Note the irony.  Today I am not going to write about creative ways to conceive and perpetuate the issues in my life.  It makes sense our problems tend to be around us without any help from the internal process… but the question I must pose is how many of them are actually something NOT of our own making and, conversely, (and perhaps without even knowing,) how many have I constructed in my head?

Perhaps to the “normal” mind (what exactly is that?) this sort of thinking is out of step and a bit hard to comprehend.  For those of us who entertain an ‘ism’ it is not without merit or reach to speak to the manner of thinking that provides an additional inner dialogue touching on shades of resentment, envy, self-righteous ego, fear and a dollop of paranoia.
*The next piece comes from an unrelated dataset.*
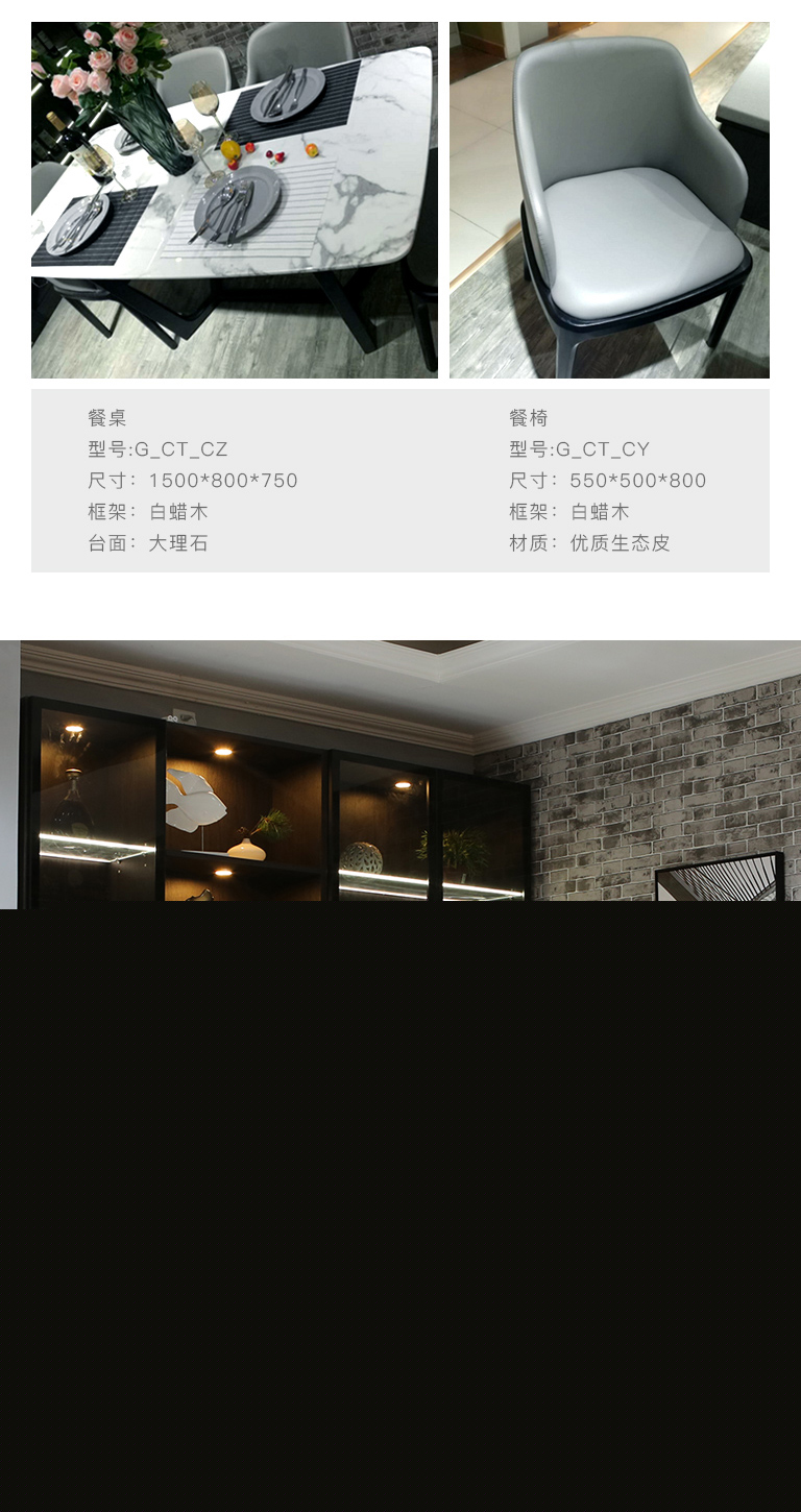 | 規(guī)格 | 定制柜(定制) 餐桌:1500*800*750mm 餐椅:550*500*800mm |

Now I have gone and made myself sound a bit off the deep end, haven’t I.  Truth be told there are some who will read this particular entry and understand completely what it is I refer to.  Others, undoubtedly, will wonder if I shouldn’t somehow be medicated.  Personally, I would disagree regarding myself, (but for those who might actually benefit I choose not to hold an opinion on the topic.)

What I do know is I have an extra conversation in my head pretty much at all times.  It is an active sense of self-preservation, dis-comfort, fear of losing something or not getting something else.  It is, in common terms, an easier way to describe or define my dis-ease.  It was this dis-ease (and I spell it as I do for a reason) which brought me to my knees many years ago.  It was this dis-ease that originally showed me my answers and solutions were in dangerous places doing dangerous things.  The core of my dis-ease may not have changed very much at its root over the years, but the solutions have altered and provided me with ways to look at myself and my behavior, thinking and LIFE in healthier, more productive and very positive ways.

It is no longer about the problem for me, it must always be about the solution.

What problem do I speak to specifically (today?)  My thinking.

Without the tools and answers I have been taught and learn over and over again within my program for living I am left with the sort of thinking which drove me to the wrong solutions in the past.  With the tools I live in a peaceful and spiritual surrounding even IF there are moments where I must take my “medication” (which for me is in the form of steps, service, communication, deep breathes and contrary actions.)

The world around me is busy.  It is a hectic mix of messages; social, world or work politics; bad news; change; expectations; traffic; financial demands; work & life challenges and swiftly moving calendars.  Granted, along with life on life’s terms comes the beauty of the world around me (one needs only to really look) including unconditional love, rest & relaxation, creativity, travel, commitments, and success (any way it looks to you.)  It is easy to be hard on yourself in the former list of descriptions and just as difficult to forget the gratitude that must always be attached to the latter.  The tricks are in balancing and, as I always write, acceptance and patience regarding the person you are or have become, the way you breathe and handle each and every thing offered and the ability to grow, learn, keep an open mind and understand ones own intentions.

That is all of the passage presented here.